[LISTED ENTRIES — start]

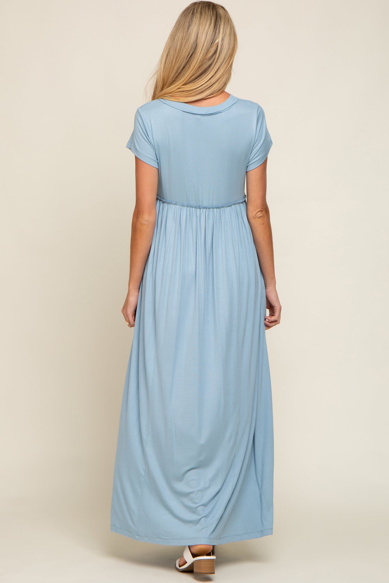 Light Blue Short Sleeve Pocketed Maternity Maxi Dress
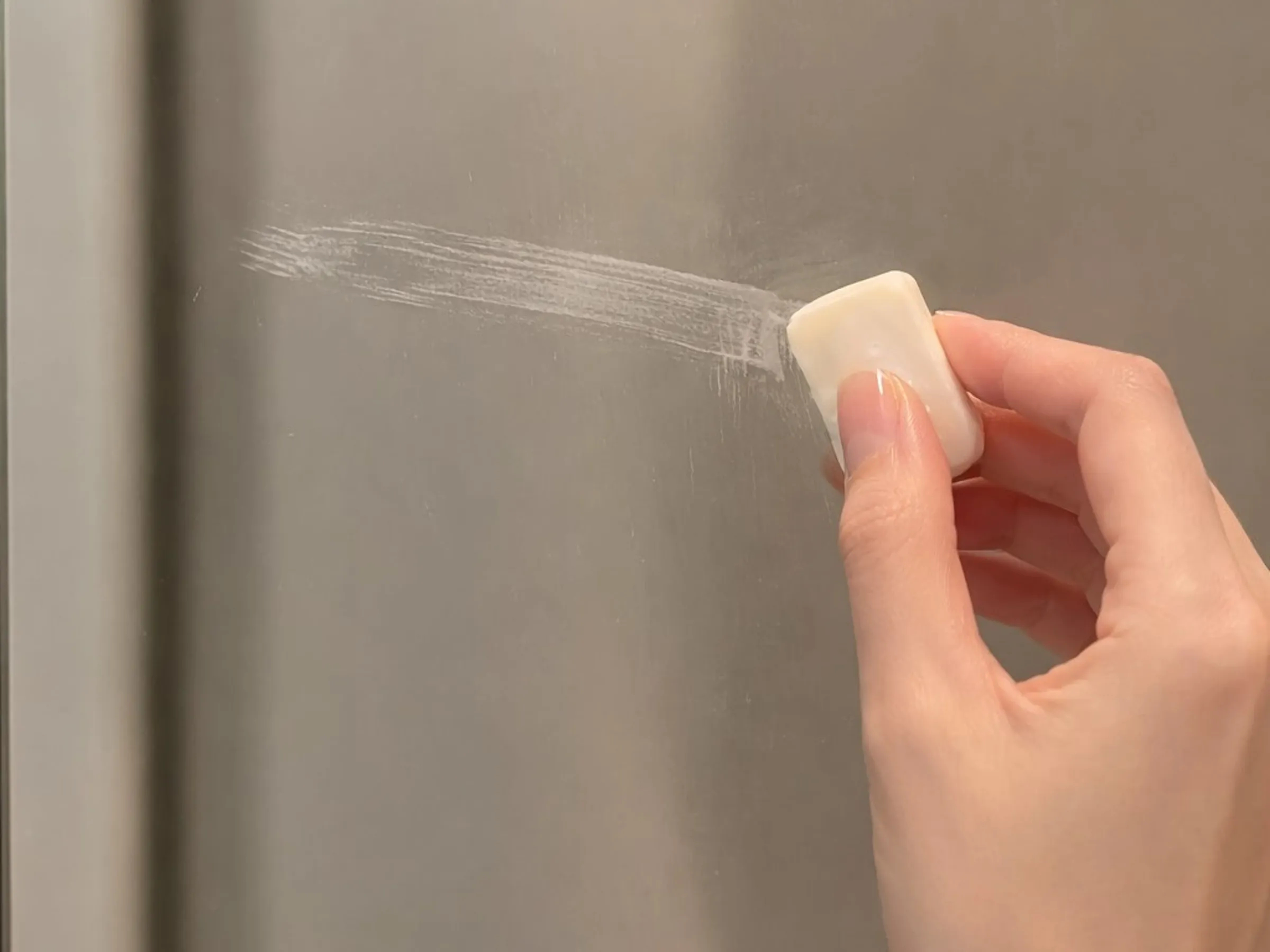 - ใช้สบู่ก้อนแห้ง: นำสบู่ก้อน (จะเป็นสบู่ถูตัวหรือสบู่ซักผ้าก็ได้) มาขีดเป็นรอยลงบนกระจกที่แห้งสนิท โดยออกแรงกดเล็กน้อยให้เห็นคราบสบู่ชัดเจน
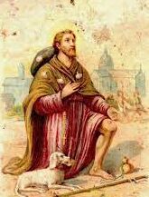 ولد في أواخر القرن الثالث عشر في مدينة مونبلييه في فرنسا من أبوين شريفين تقيين. وعند ولادته ظهر على صدره صليب أحمر، رمزاً لجهاده في الحياة حتى الدم. وكان متفانياً بوجه خاص في محبة القريب. ولما توفي والداه، وهو ابن عشرين سنة، وزع أمواله على الفقراء تاركاً لعمه ما يملكه من أراض واسعة وقرى عديدة. ثم تنكر بزي الفقراء والمساكين وهجر وطنه قاصداً إلى مدينة روما العظمى. وما دخل إيطاليا حتى رأى مرض الطاعون يفتك في أكثر مدنها. فشرع يهتم في دفن الموتى ويخدم المرضى ويشفيهم بإشارة الصليب المقدس. غير أنه أصيب هو نفسه بهذا المرض ولازمه وجع مؤلم في جنبه فأوى إلى غاب خارج المدينة، وهناك قاسى آلاماً مبرحة.
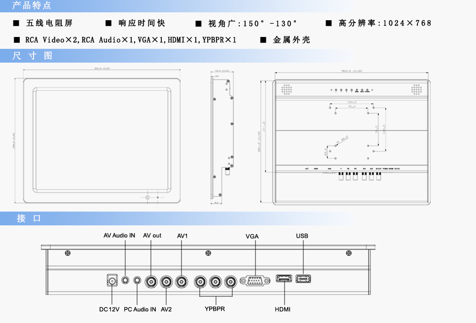 輸入信號:RCA Video×2,RCA Audio×1,VGA×1,HDMI×1,YPBPR×1
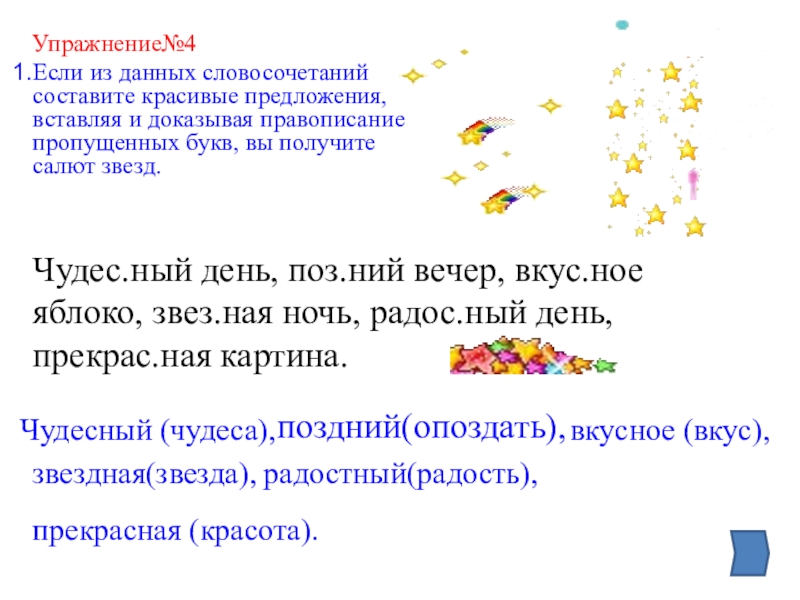 Чудес.ный день, поз.ний вечер, вкус.ное яблоко, звез.ная ночь, радос.ный день, прекрас.ная картина.
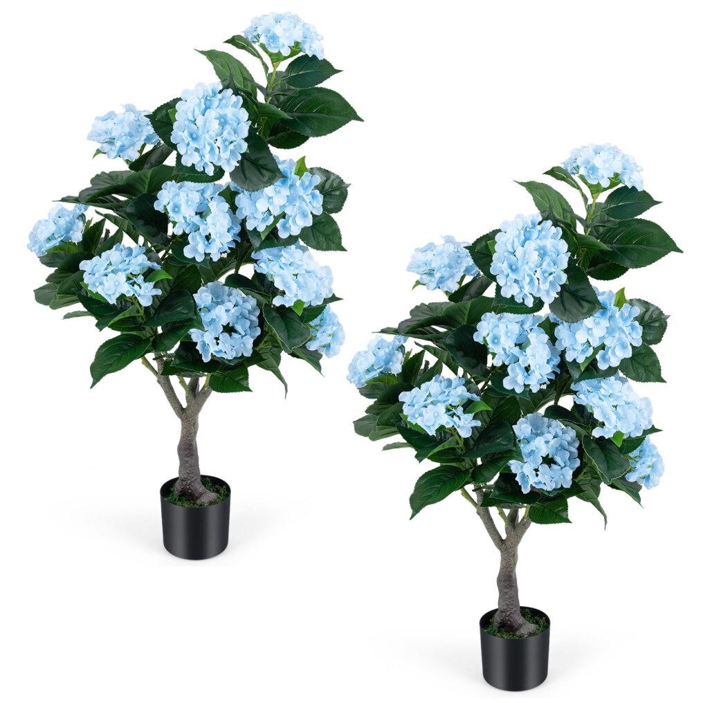 ● Bring Lifelike Beauty Indoors: These artificial hydrangea trees feature 11 brilliant blooms, 130 lush green leaves, and natural-looking trunks to replicate the charm of real plants. The pots are decorated with lifelike grass, adding extra vibrancy and a refined touch to your space.
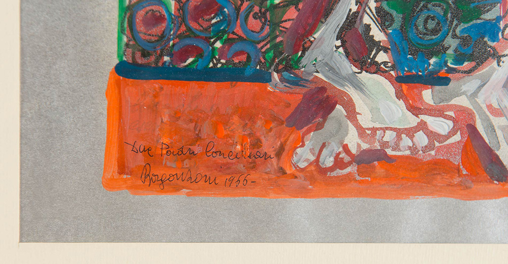 Aldo Borgonzoni (Medicina 1913 - Bologna 2004), “Due padri Cardinali”, 1966. Acquerello e tecnica mista su carta, firmata, titolata e datata in basso a sinistra ‘Due Padri Cardinali’ - Borgonzoni 1966, H cm 33.5x24
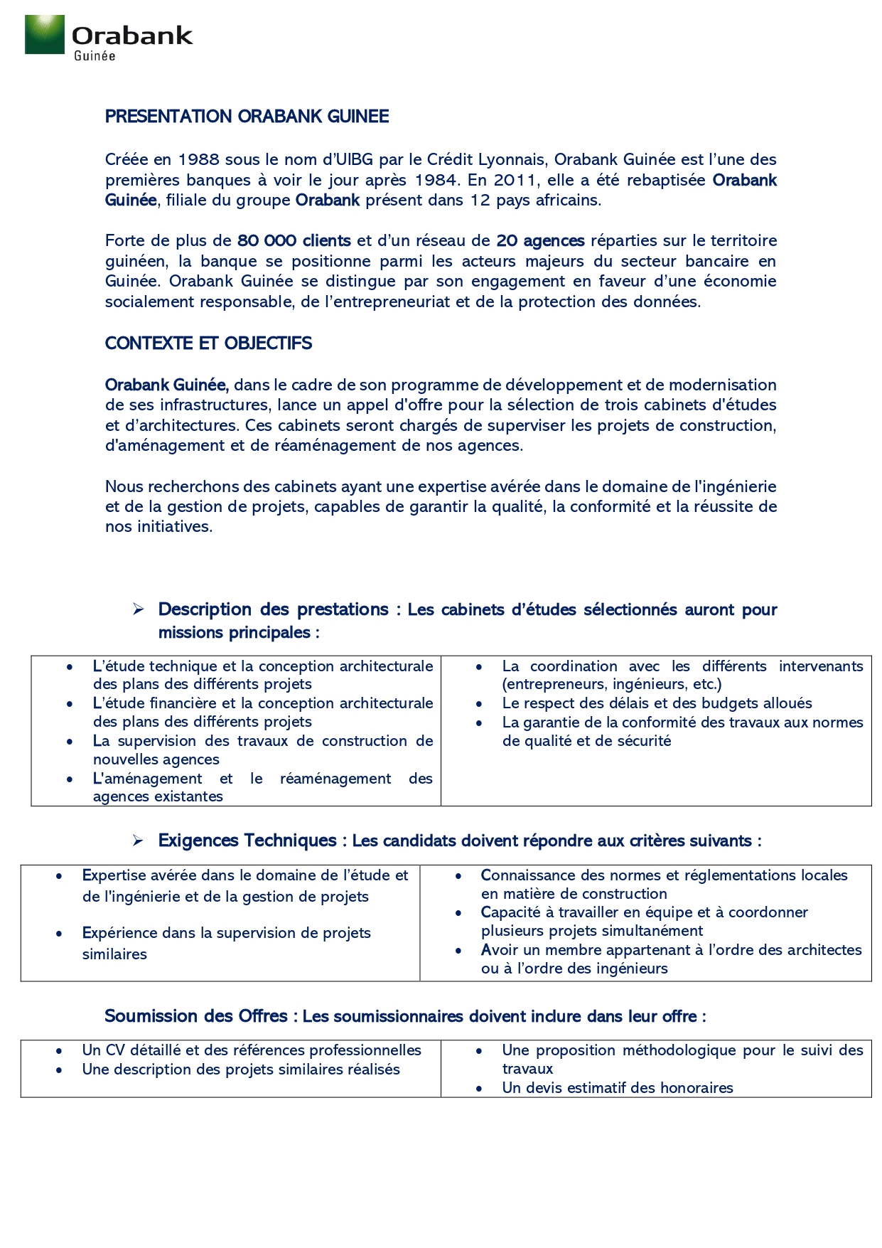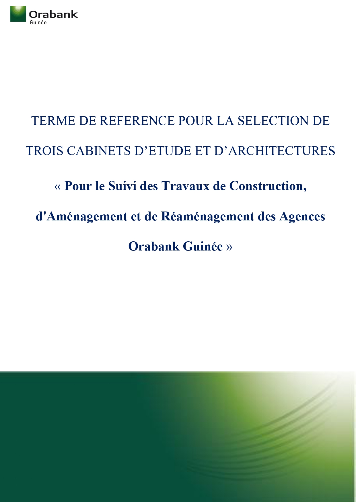 > TERME DE REFERENCE POUR LA SELECTION DE TROIS CABINETS D’ETUDE ET D’ARCHITECTURES Pour le Suivi des Travaux de Construction, d'Aménagement et de Réaménagement des Agences Orabank Guinée

[LISTED ENTRIES — finish]

Once you find the line containing "Чудес.ный день, поз.ний", retype it and every line after it through the last line of the records above, exactly. Add nothing else, and leave out the pictures.

- ANSWER TO THE EXERCISE -
 Чудес.ный день, поз.ний вечер, вкус.ное яблоко, звез.ная ночь, радос.ный день, прекрас.ная картина.
 ● Bring Lifelike Beauty Indoors: These artificial hydrangea trees feature 11 brilliant blooms, 130 lush green leaves, and natural-looking trunks to replicate the charm of real plants. The pots are decorated with lifelike grass, adding extra vibrancy and a refined touch to your space.
 Aldo Borgonzoni (Medicina 1913 - Bologna 2004), “Due padri Cardinali”, 1966. Acquerello e tecnica mista su carta, firmata, titolata e datata in basso a sinistra ‘Due Padri Cardinali’ - Borgonzoni 1966, H cm 33.5x24
 > TERME DE REFERENCE POUR LA SELECTION DE TROIS CABINETS D’ETUDE ET D’ARCHITECTURES Pour le Suivi des Travaux de Construction, d'Aménagement et de Réaménagement des Agences Orabank Guinée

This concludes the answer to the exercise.